YOUR GOAL: Could you give back every record below exactly, leaving out the pictures?
►
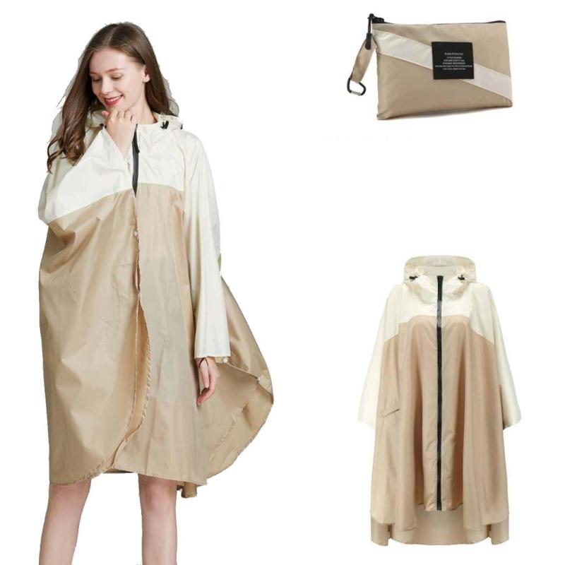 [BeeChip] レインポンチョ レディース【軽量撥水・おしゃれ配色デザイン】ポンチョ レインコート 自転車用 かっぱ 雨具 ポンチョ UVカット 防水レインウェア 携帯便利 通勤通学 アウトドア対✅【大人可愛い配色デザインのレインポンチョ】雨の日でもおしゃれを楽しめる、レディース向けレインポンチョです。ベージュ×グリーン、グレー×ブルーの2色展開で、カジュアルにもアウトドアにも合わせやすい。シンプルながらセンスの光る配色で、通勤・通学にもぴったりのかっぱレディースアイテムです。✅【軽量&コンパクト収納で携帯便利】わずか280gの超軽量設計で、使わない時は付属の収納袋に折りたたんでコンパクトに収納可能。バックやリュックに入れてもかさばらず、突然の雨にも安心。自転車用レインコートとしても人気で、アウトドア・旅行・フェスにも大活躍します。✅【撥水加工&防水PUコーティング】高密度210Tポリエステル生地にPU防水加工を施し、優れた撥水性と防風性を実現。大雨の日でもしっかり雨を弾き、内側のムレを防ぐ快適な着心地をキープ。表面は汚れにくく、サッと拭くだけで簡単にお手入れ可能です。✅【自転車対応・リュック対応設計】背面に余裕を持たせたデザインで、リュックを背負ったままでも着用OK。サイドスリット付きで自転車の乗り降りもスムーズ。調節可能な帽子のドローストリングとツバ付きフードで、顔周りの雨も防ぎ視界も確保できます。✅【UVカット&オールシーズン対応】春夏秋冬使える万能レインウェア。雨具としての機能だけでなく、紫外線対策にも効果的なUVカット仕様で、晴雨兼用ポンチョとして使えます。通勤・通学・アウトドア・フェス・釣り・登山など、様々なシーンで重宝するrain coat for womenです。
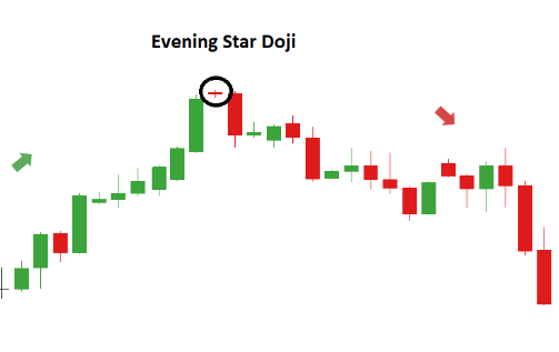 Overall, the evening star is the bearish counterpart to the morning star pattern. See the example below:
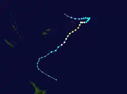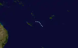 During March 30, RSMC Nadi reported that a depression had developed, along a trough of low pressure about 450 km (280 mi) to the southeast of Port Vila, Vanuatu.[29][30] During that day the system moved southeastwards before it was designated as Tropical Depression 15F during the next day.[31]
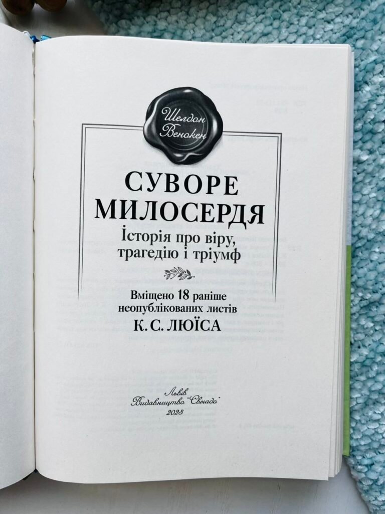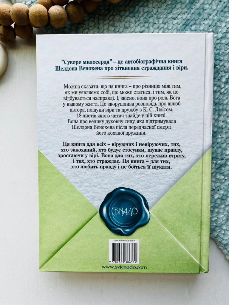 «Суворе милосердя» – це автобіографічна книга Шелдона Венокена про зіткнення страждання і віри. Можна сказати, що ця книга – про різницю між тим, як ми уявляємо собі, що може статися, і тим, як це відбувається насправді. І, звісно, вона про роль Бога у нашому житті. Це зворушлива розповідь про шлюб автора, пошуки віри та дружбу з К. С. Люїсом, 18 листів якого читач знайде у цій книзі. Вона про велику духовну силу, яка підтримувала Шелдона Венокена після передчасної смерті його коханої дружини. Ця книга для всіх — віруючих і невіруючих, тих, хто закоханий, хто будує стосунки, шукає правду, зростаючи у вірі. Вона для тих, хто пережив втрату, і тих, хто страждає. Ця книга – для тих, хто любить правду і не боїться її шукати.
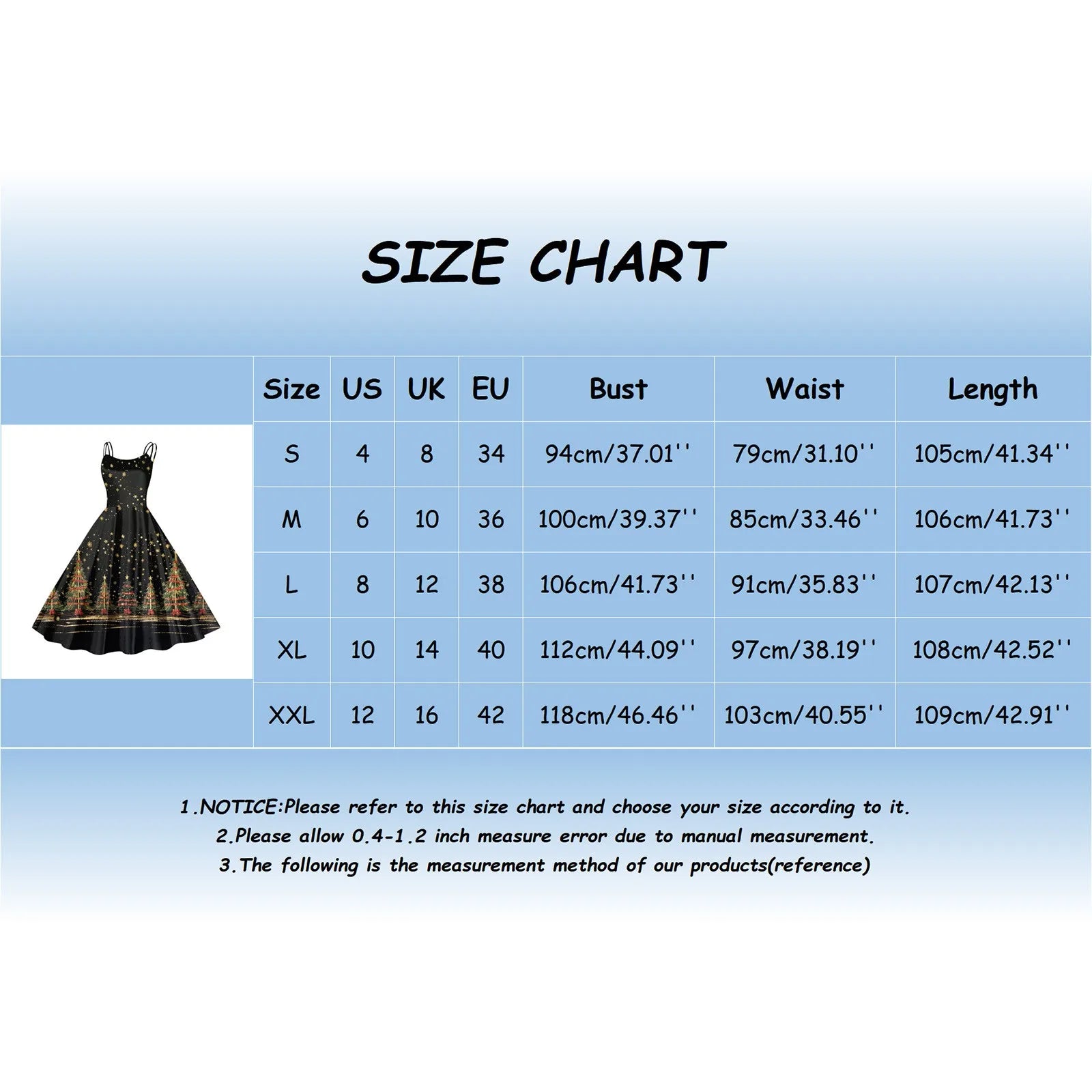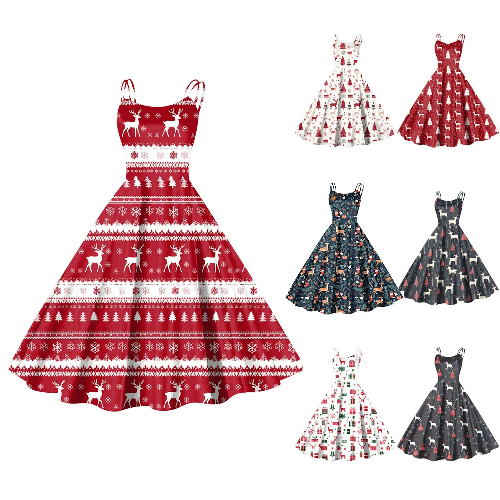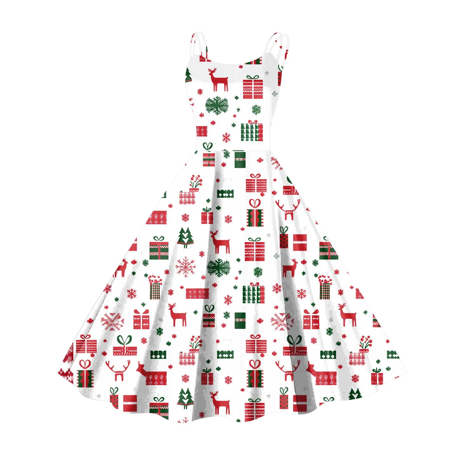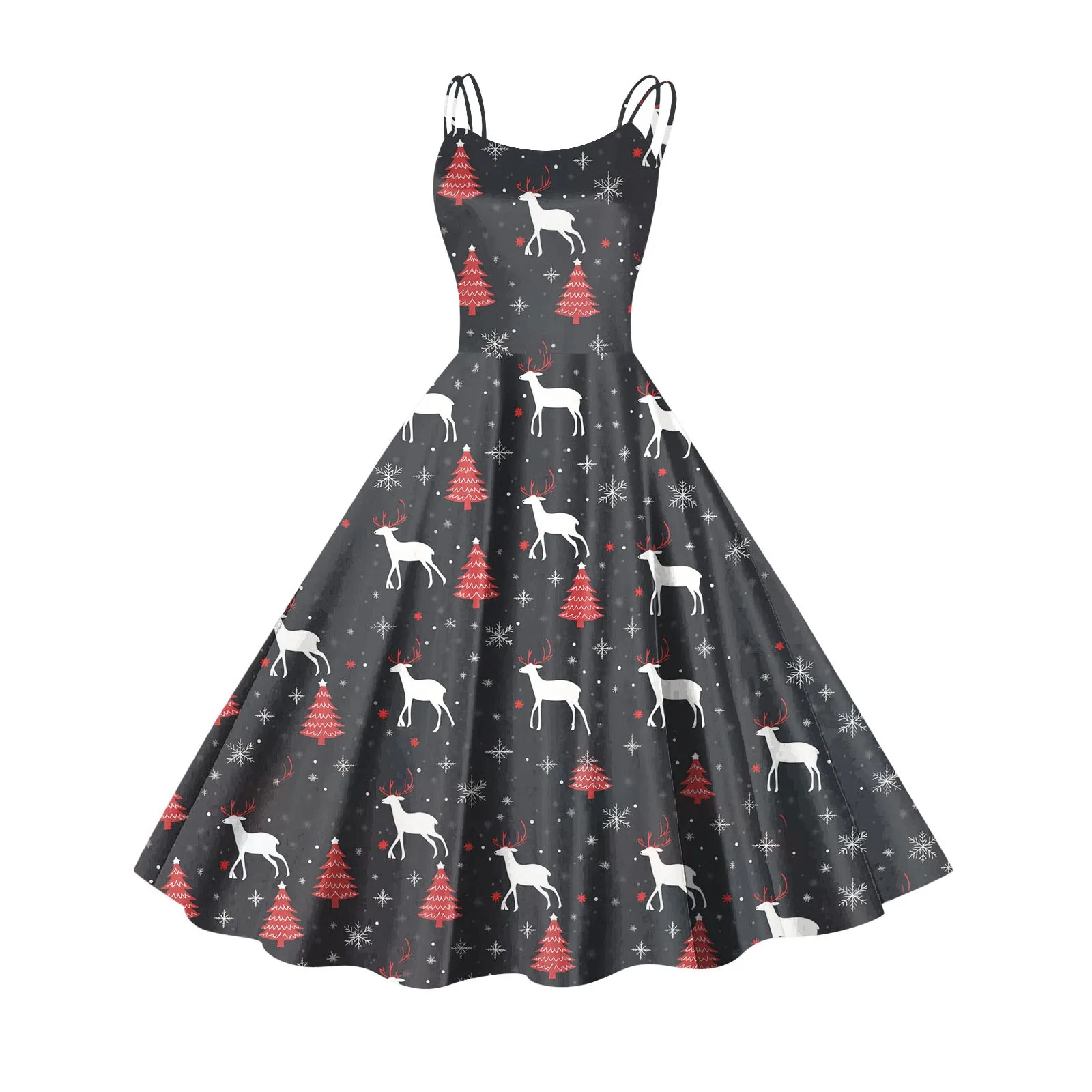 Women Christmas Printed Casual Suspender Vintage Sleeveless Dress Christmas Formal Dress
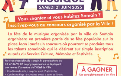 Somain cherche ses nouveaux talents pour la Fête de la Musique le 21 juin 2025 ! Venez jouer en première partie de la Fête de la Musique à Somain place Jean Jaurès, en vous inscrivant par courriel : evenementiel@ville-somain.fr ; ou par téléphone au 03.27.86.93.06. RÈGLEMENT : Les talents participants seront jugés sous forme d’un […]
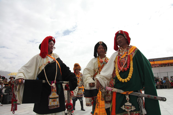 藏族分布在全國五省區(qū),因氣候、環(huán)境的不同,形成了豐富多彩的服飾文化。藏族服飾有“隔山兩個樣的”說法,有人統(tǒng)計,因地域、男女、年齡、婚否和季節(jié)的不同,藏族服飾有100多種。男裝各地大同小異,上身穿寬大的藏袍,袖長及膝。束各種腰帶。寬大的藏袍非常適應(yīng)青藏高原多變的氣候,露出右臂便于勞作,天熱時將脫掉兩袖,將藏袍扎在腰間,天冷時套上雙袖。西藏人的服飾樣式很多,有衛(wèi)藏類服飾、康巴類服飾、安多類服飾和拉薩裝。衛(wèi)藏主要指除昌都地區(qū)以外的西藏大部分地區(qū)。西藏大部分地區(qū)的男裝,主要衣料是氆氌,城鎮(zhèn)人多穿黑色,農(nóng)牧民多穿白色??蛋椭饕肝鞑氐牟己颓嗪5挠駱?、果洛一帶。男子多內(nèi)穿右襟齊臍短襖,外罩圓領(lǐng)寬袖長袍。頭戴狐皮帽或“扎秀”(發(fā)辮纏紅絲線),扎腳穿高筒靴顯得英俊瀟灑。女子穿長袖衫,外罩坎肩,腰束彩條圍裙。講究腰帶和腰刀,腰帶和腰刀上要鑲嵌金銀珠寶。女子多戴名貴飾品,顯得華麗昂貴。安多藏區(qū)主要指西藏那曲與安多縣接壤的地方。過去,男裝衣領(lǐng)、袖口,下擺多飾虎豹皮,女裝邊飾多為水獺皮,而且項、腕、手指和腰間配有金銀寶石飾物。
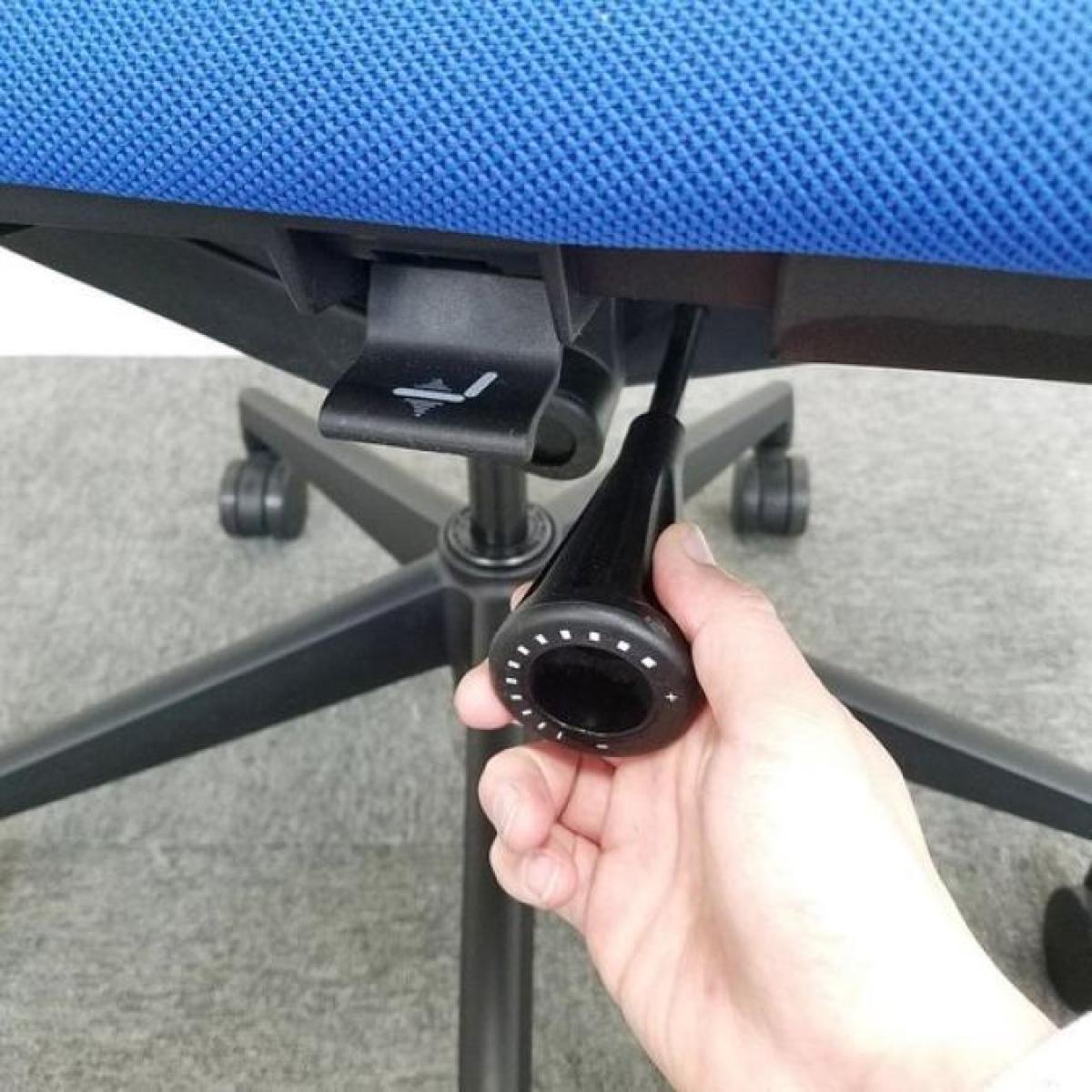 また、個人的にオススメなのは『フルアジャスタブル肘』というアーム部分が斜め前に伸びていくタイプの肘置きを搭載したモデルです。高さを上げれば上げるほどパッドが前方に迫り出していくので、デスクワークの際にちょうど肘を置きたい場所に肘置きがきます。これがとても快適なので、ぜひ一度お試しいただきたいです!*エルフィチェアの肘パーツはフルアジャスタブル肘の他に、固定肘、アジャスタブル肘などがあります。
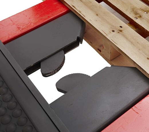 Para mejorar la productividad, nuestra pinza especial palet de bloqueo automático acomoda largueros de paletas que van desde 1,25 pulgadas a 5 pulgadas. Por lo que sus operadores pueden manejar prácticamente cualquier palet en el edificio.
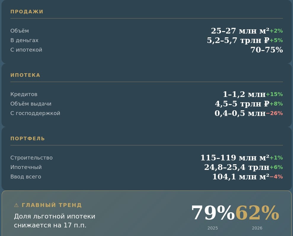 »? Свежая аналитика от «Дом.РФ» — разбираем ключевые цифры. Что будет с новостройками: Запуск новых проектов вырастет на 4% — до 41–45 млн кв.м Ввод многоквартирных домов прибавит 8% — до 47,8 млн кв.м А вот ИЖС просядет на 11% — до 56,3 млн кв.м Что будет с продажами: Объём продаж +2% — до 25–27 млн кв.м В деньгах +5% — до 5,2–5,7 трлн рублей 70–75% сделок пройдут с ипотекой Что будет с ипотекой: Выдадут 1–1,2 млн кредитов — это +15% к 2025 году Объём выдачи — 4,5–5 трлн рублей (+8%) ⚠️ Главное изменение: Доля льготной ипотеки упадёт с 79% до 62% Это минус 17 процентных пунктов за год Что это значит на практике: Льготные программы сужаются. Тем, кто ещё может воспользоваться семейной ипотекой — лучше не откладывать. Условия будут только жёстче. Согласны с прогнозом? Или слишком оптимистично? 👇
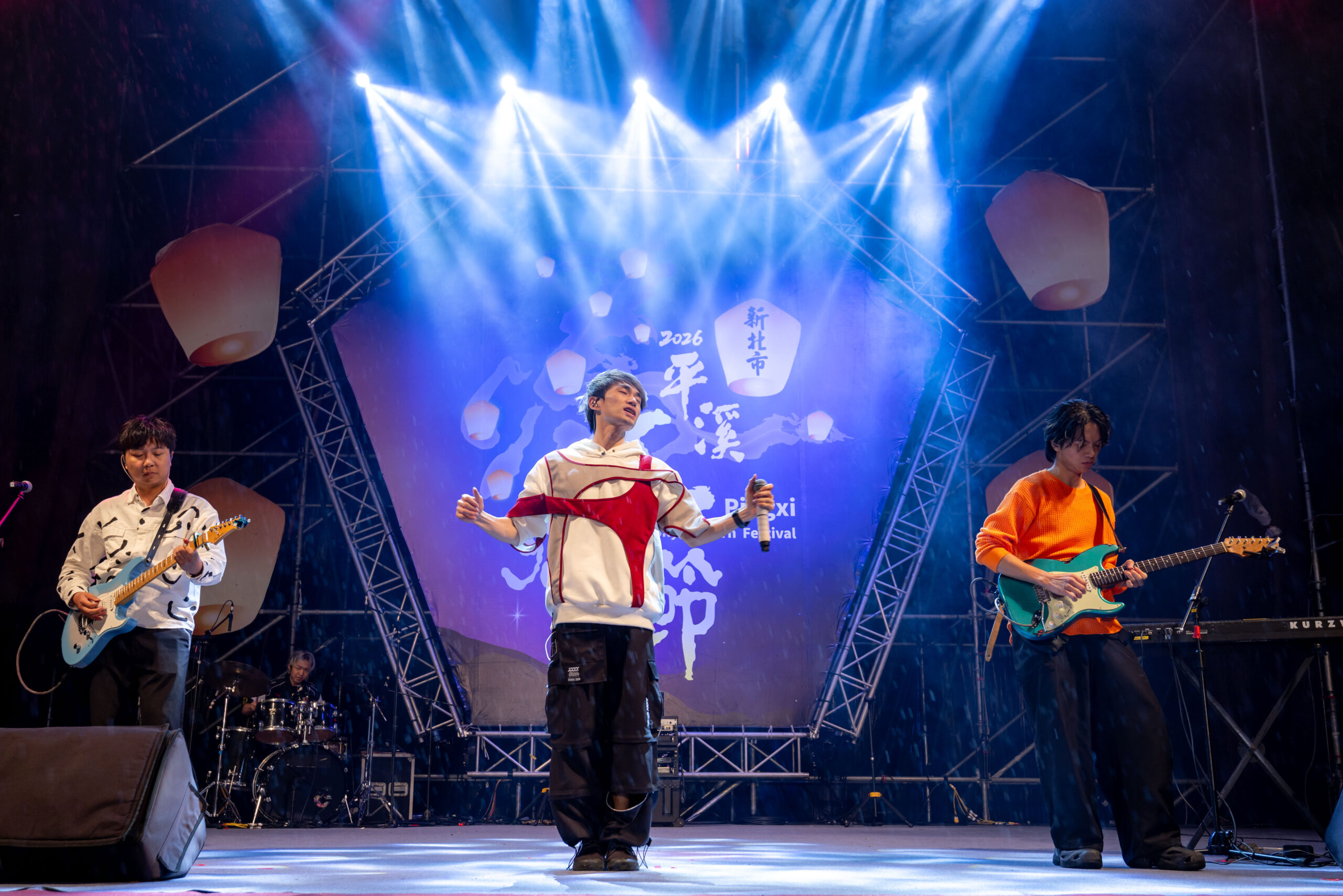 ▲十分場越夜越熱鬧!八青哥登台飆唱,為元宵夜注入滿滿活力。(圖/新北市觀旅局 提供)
◄
RESULT FOR THIS EXERCISE:
 [BeeChip] レインポンチョ レディース【軽量撥水・おしゃれ配色デザイン】ポンチョ レインコート 自転車用 かっぱ 雨具 ポンチョ UVカット 防水レインウェア 携帯便利 通勤通学 アウトドア対✅【大人可愛い配色デザインのレインポンチョ】雨の日でもおしゃれを楽しめる、レディース向けレインポンチョです。ベージュ×グリーン、グレー×ブルーの2色展開で、カジュアルにもアウトドアにも合わせやすい。シンプルながらセンスの光る配色で、通勤・通学にもぴったりのかっぱレディースアイテムです。✅【軽量&コンパクト収納で携帯便利】わずか280gの超軽量設計で、使わない時は付属の収納袋に折りたたんでコンパクトに収納可能。バックやリュックに入れてもかさばらず、突然の雨にも安心。自転車用レインコートとしても人気で、アウトドア・旅行・フェスにも大活躍します。✅【撥水加工&防水PUコーティング】高密度210Tポリエステル生地にPU防水加工を施し、優れた撥水性と防風性を実現。大雨の日でもしっかり雨を弾き、内側のムレを防ぐ快適な着心地をキープ。表面は汚れにくく、サッと拭くだけで簡単にお手入れ可能です。✅【自転車対応・リュック対応設計】背面に余裕を持たせたデザインで、リュックを背負ったままでも着用OK。サイドスリット付きで自転車の乗り降りもスムーズ。調節可能な帽子のドローストリングとツバ付きフードで、顔周りの雨も防ぎ視界も確保できます。✅【UVカット&オールシーズン対応】春夏秋冬使える万能レインウェア。雨具としての機能だけでなく、紫外線対策にも効果的なUVカット仕様で、晴雨兼用ポンチョとして使えます。通勤・通学・アウトドア・フェス・釣り・登山など、様々なシーンで重宝するrain coat for womenです。
 Overall, the evening star is the bearish counterpart to the morning star pattern. See the example below:
 During March 30, RSMC Nadi reported that a depression had developed, along a trough of low pressure about 450 km (280 mi) to the southeast of Port Vila, Vanuatu.[29][30] During that day the system moved southeastwards before it was designated as Tropical Depression 15F during the next day.[31]
 «Суворе милосердя» – це автобіографічна книга Шелдона Венокена про зіткнення страждання і віри. Можна сказати, що ця книга – про різницю між тим, як ми уявляємо собі, що може статися, і тим, як це відбувається насправді. І, звісно, вона про роль Бога у нашому житті. Це зворушлива розповідь про шлюб автора, пошуки віри та дружбу з К. С. Люїсом, 18 листів якого читач знайде у цій книзі. Вона про велику духовну силу, яка підтримувала Шелдона Венокена після передчасної смерті його коханої дружини. Ця книга для всіх — віруючих і невіруючих, тих, хто закоханий, хто будує стосунки, шукає правду, зростаючи у вірі. Вона для тих, хто пережив втрату, і тих, хто страждає. Ця книга – для тих, хто любить правду і не боїться її шукати.
 Women Christmas Printed Casual Suspender Vintage Sleeveless Dress Christmas Formal Dress
 Somain cherche ses nouveaux talents pour la Fête de la Musique le 21 juin 2025 ! Venez jouer en première partie de la Fête de la Musique à Somain place Jean Jaurès, en vous inscrivant par courriel : evenementiel@ville-somain.fr ; ou par téléphone au 03.27.86.93.06. RÈGLEMENT : Les talents participants seront jugés sous forme d’un […]
 藏族分布在全國五省區(qū),因氣候、環(huán)境的不同,形成了豐富多彩的服飾文化。藏族服飾有“隔山兩個樣的”說法,有人統(tǒng)計,因地域、男女、年齡、婚否和季節(jié)的不同,藏族服飾有100多種。男裝各地大同小異,上身穿寬大的藏袍,袖長及膝。束各種腰帶。寬大的藏袍非常適應(yīng)青藏高原多變的氣候,露出右臂便于勞作,天熱時將脫掉兩袖,將藏袍扎在腰間,天冷時套上雙袖。西藏人的服飾樣式很多,有衛(wèi)藏類服飾、康巴類服飾、安多類服飾和拉薩裝。衛(wèi)藏主要指除昌都地區(qū)以外的西藏大部分地區(qū)。西藏大部分地區(qū)的男裝,主要衣料是氆氌,城鎮(zhèn)人多穿黑色,農(nóng)牧民多穿白色??蛋椭饕肝鞑氐牟己颓嗪5挠駱?、果洛一帶。男子多內(nèi)穿右襟齊臍短襖,外罩圓領(lǐng)寬袖長袍。頭戴狐皮帽或“扎秀”(發(fā)辮纏紅絲線),扎腳穿高筒靴顯得英俊瀟灑。女子穿長袖衫,外罩坎肩,腰束彩條圍裙。講究腰帶和腰刀,腰帶和腰刀上要鑲嵌金銀珠寶。女子多戴名貴飾品,顯得華麗昂貴。安多藏區(qū)主要指西藏那曲與安多縣接壤的地方。過去,男裝衣領(lǐng)、袖口,下擺多飾虎豹皮,女裝邊飾多為水獺皮,而且項、腕、手指和腰間配有金銀寶石飾物。
 また、個人的にオススメなのは『フルアジャスタブル肘』というアーム部分が斜め前に伸びていくタイプの肘置きを搭載したモデルです。高さを上げれば上げるほどパッドが前方に迫り出していくので、デスクワークの際にちょうど肘を置きたい場所に肘置きがきます。これがとても快適なので、ぜひ一度お試しいただきたいです!*エルフィチェアの肘パーツはフルアジャスタブル肘の他に、固定肘、アジャスタブル肘などがあります。
 Para mejorar la productividad, nuestra pinza especial palet de bloqueo automático acomoda largueros de paletas que van desde 1,25 pulgadas a 5 pulgadas. Por lo que sus operadores pueden manejar prácticamente cualquier palet en el edificio.
 »? Свежая аналитика от «Дом.РФ» — разбираем ключевые цифры. Что будет с новостройками: Запуск новых проектов вырастет на 4% — до 41–45 млн кв.м Ввод многоквартирных домов прибавит 8% — до 47,8 млн кв.м А вот ИЖС просядет на 11% — до 56,3 млн кв.м Что будет с продажами: Объём продаж +2% — до 25–27 млн кв.м В деньгах +5% — до 5,2–5,7 трлн рублей 70–75% сделок пройдут с ипотекой Что будет с ипотекой: Выдадут 1–1,2 млн кредитов — это +15% к 2025 году Объём выдачи — 4,5–5 трлн рублей (+8%) ⚠️ Главное изменение: Доля льготной ипотеки упадёт с 79% до 62% Это минус 17 процентных пунктов за год Что это значит на практике: Льготные программы сужаются. Тем, кто ещё может воспользоваться семейной ипотекой — лучше не откладывать. Условия будут только жёстче. Согласны с прогнозом? Или слишком оптимистично? 👇
 ▲十分場越夜越熱鬧!八青哥登台飆唱,為元宵夜注入滿滿活力。(圖/新北市觀旅局 提供)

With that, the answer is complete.